_Exercise requirements_
From the line containing "进入场馆内,这位18岁的科普" to the last line of the records below, transcribe everything exactly, pictures excluded.

_The data_
+ + +

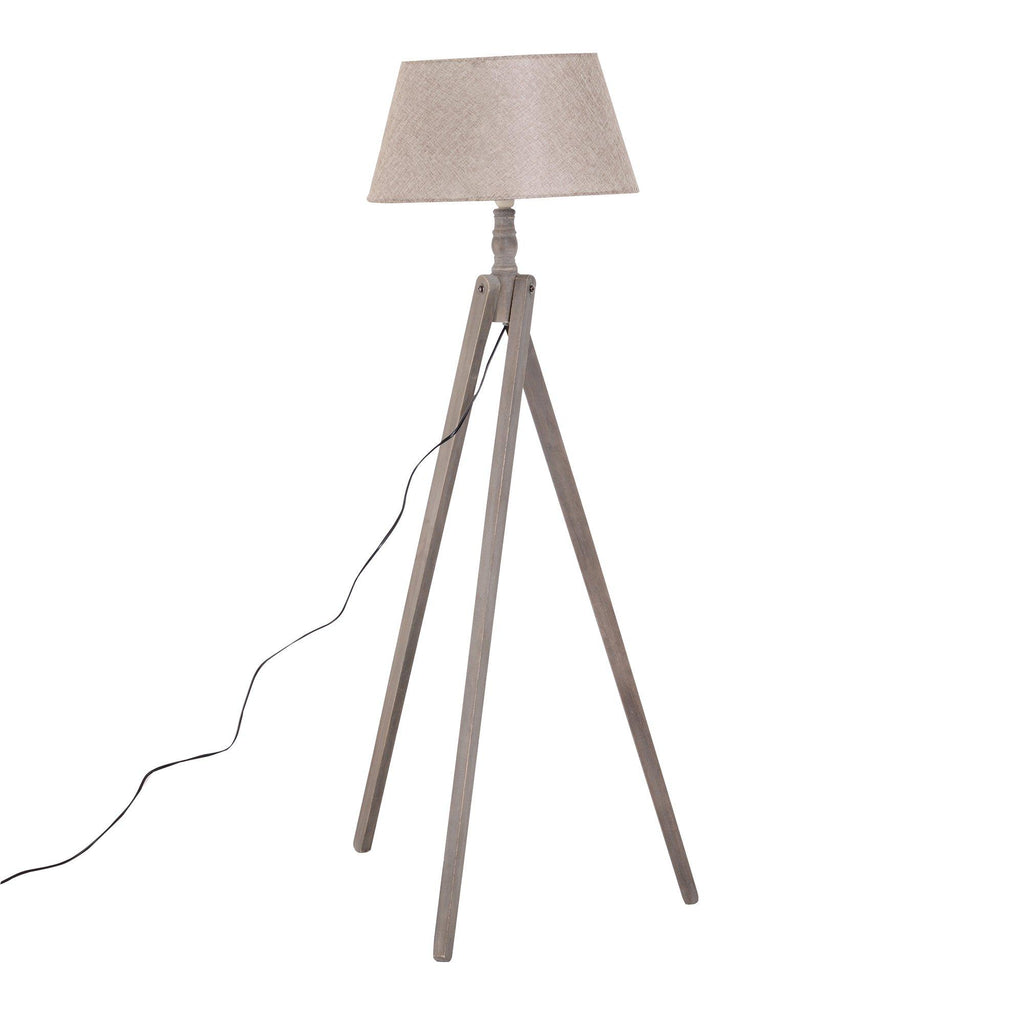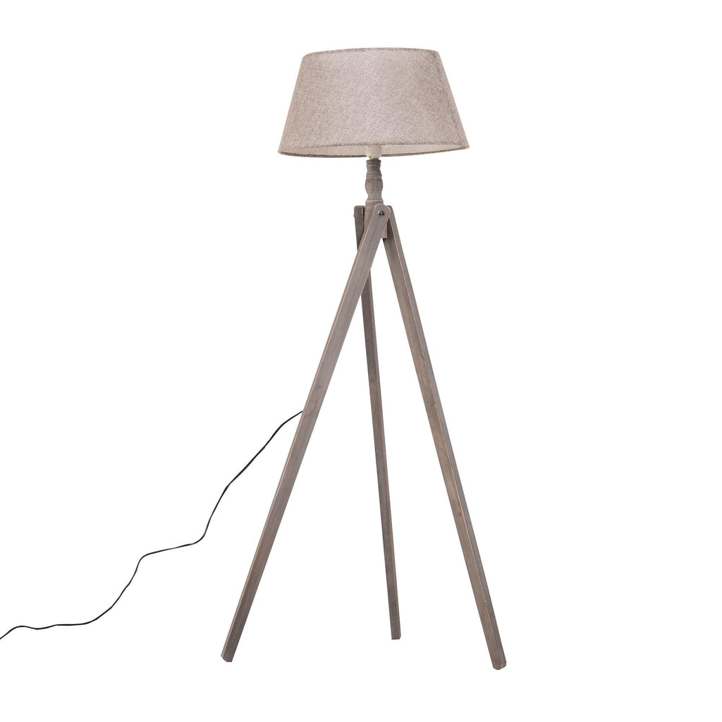 Lampadaire trépied en bois et abat-jour en lin beige 146 cm
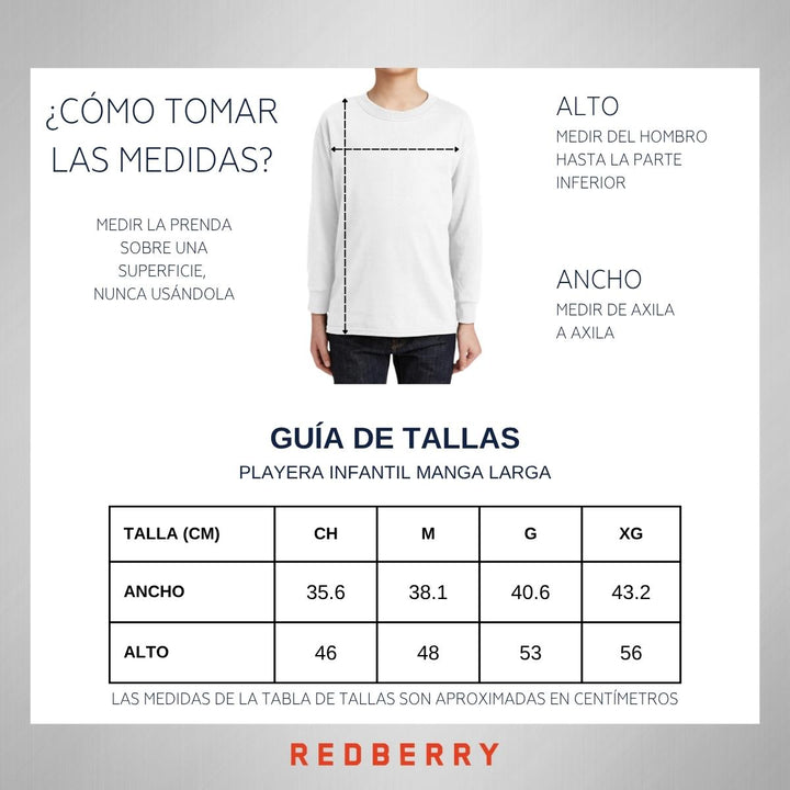 Playera infantil manga larga, cuello redondo para niño o niña nueva, diseño original impreso con tecnología DTG (directo a la prenda) tacto cero, uso casual o deportiva, 100% algodón, estructura tubular sin costuras laterales. Colores de camiseta: Negro, Blanco, Azul Marino.
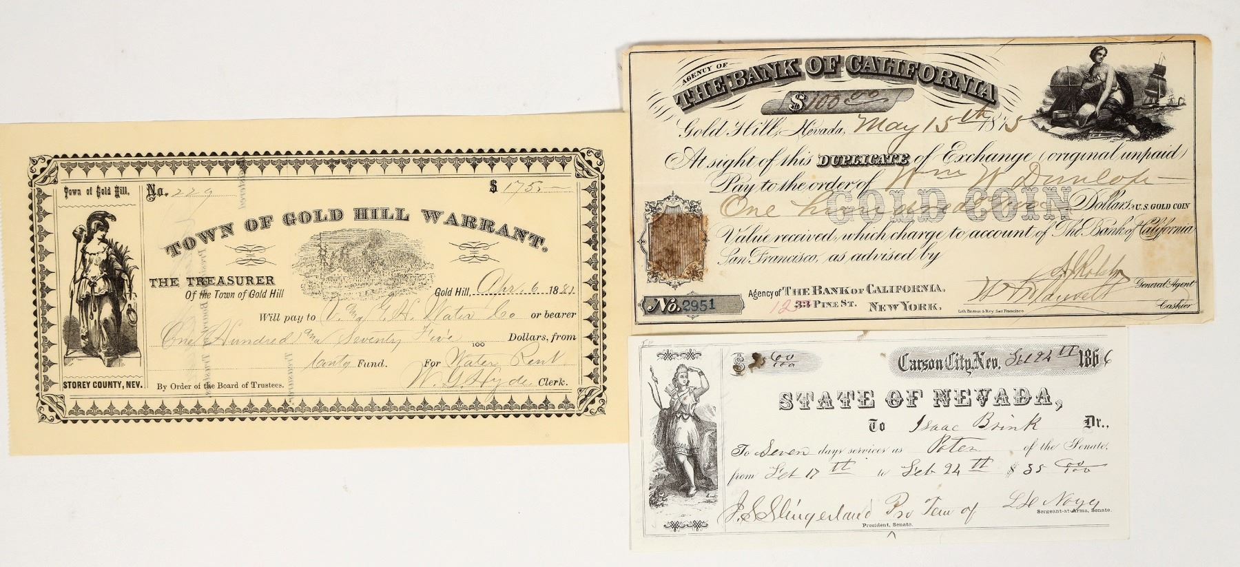Lot of 3. 1) Very rare Gold Hill Bank of California Duplicate of Exchange, 1875, to be paid in Gold Coin. Signed by AJ Ralston and Blauvelt. Issued to Wm. W. Dunlop. Stamp missing; stain. 2) Town of Gold Hill warrant, 1881 to the Virginia & Gold Hill Water Co. for water rent. 3) 1866 State of Nevada warrant to Isaac Brink for services as porter in the Senate.
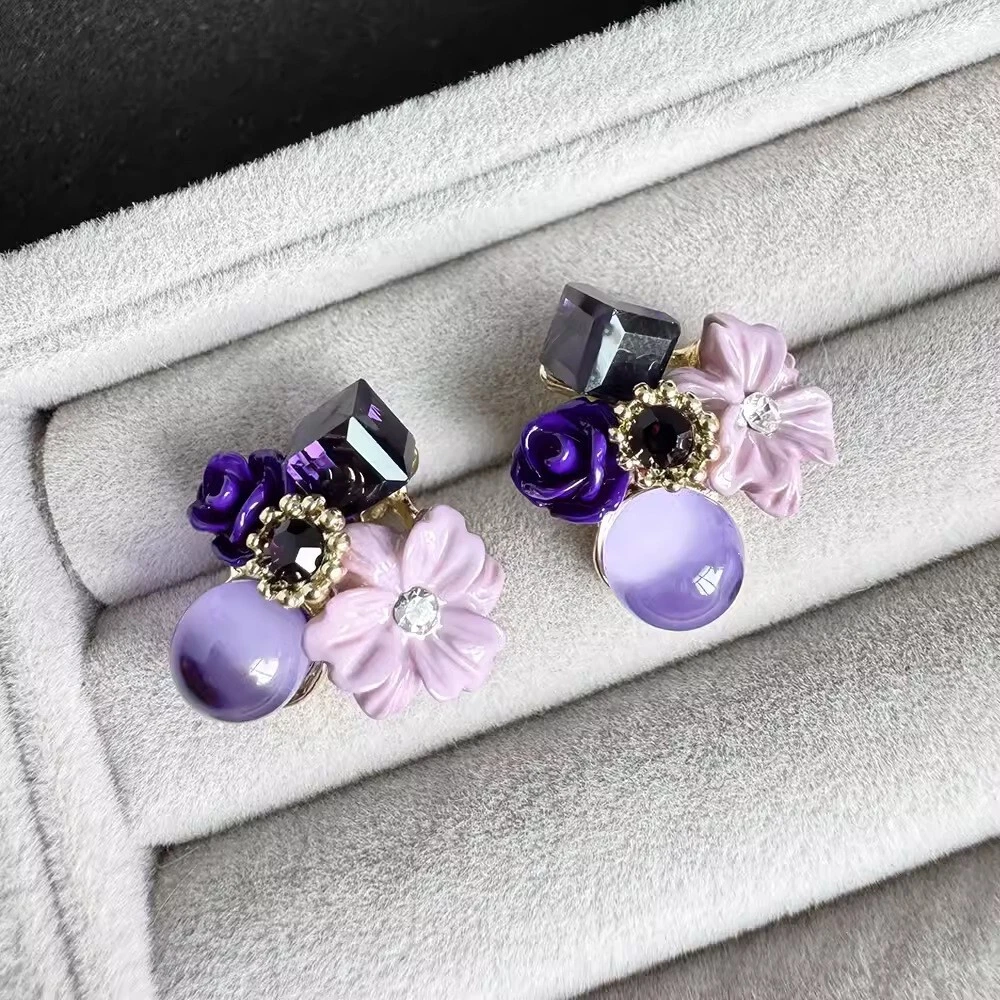 The product is a jewelry set that includes purple diamond cat's eye crystal flower earrings. The earrings are likely designed with purple diamond cat's eye crystals in the shape of flowers, creating a unique and elegant look. The use of crystal elements adds a touch of sparkle and sophistication to the overall design of the earrings, making them a stylish accessory for various occasions.
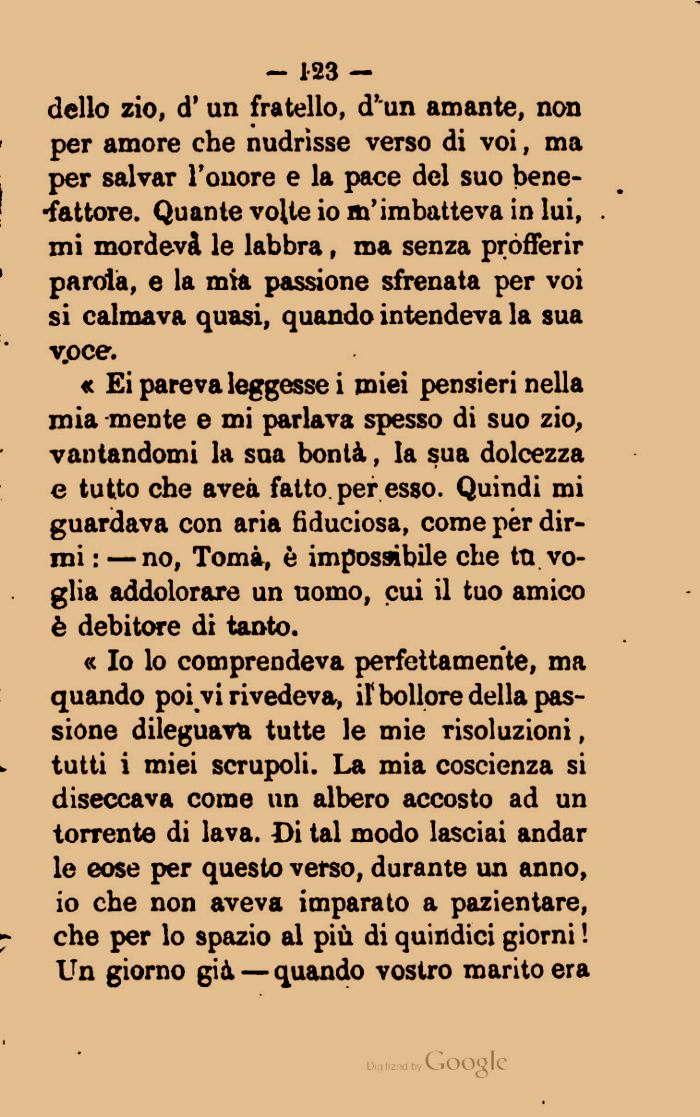 « Ei pareva leggesse i miei pensieri nella mia mente e mi parlava spesso di suo zio, vantandomi la sua bontà, la sua dolcezza e tutto che aveà fatto per esso. Quindi mi guardava con aria fiduciosa, come per dirmi : —no, Tomà, è impossibile che tu voglia addolorare un nomo, cui il tuo amico è debitore di tanto.
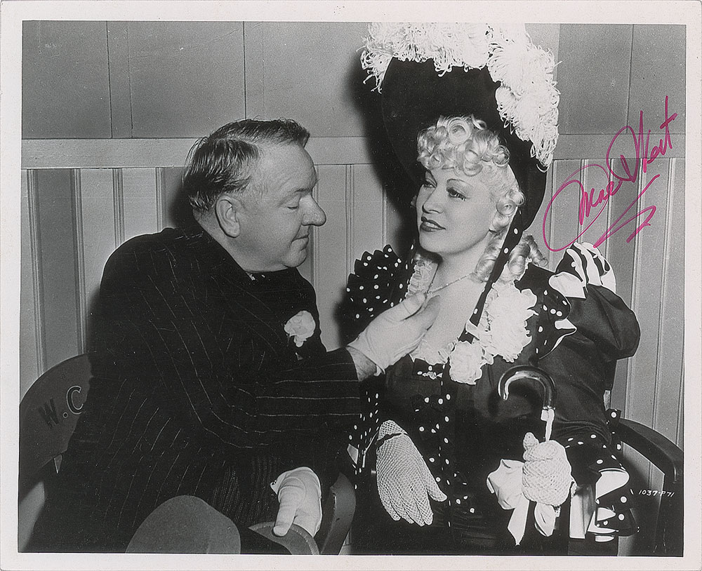 Glossy 10 x 8 photo of Mae West and W. C. Fields during production of the 1940 film My Little Chickadee, signed in red felt tip by West. In fine condition.
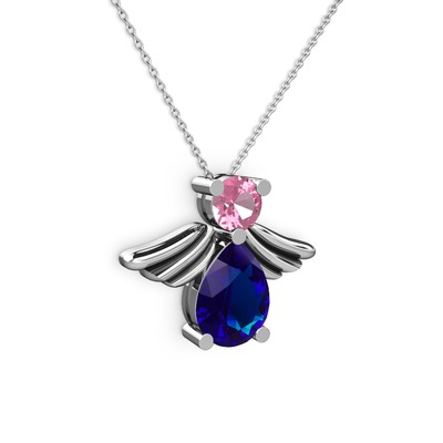 Lab safir ve pembe kuvars 8 ayar beyaz altın kolye (40 cm beyaz altın rolo zincir)
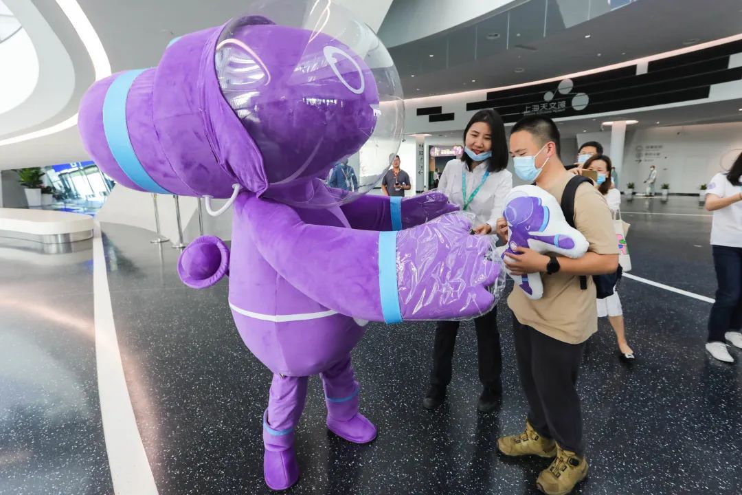 进入场馆内,这位18岁的科普“资深粉”,还得到了天文馆吉祥物“科飞”的热情拥抱,还有馆方精心准备的大礼包。
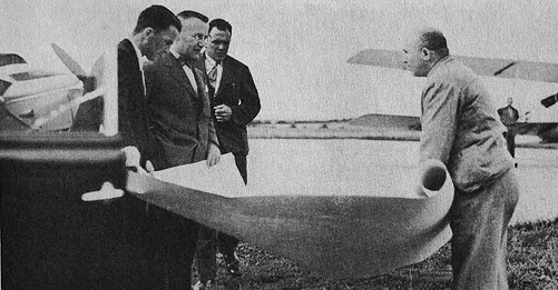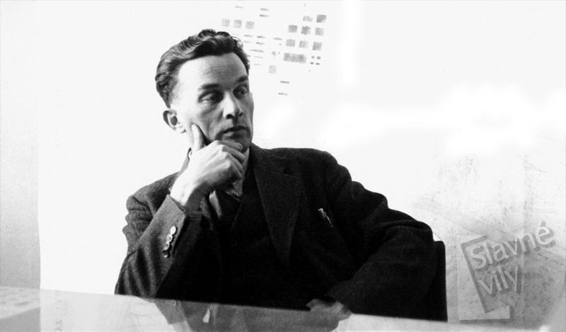 Fotografie z počátků výstavby Otrokovic. Na snímku je projektant architekt František Gahura (vpravo) v rozhovoru s vedoucím výstavby Josefem Hlavničkou, starostou Zlína Dominikem Čiperou a vedoucím letiště Anderlem nad plánem příštího města.
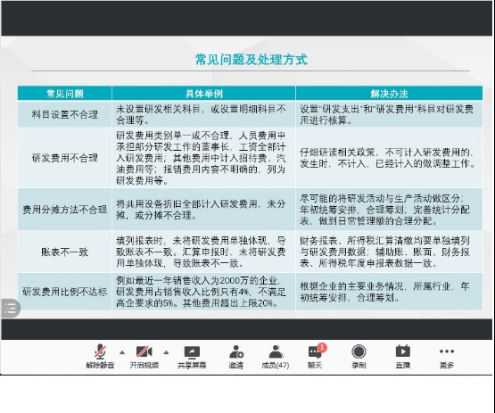 由我司财务辅导老师程华双就高企认定财务得分技巧、研发费用归集实操、辅助账编制、财务常见问题等进行了精彩分享。

+ + +

_Expected answer_
 进入场馆内,这位18岁的科普“资深粉”,还得到了天文馆吉祥物“科飞”的热情拥抱,还有馆方精心准备的大礼包。
 Fotografie z počátků výstavby Otrokovic. Na snímku je projektant architekt František Gahura (vpravo) v rozhovoru s vedoucím výstavby Josefem Hlavničkou, starostou Zlína Dominikem Čiperou a vedoucím letiště Anderlem nad plánem příštího města.
 由我司财务辅导老师程华双就高企认定财务得分技巧、研发费用归集实操、辅助账编制、财务常见问题等进行了精彩分享。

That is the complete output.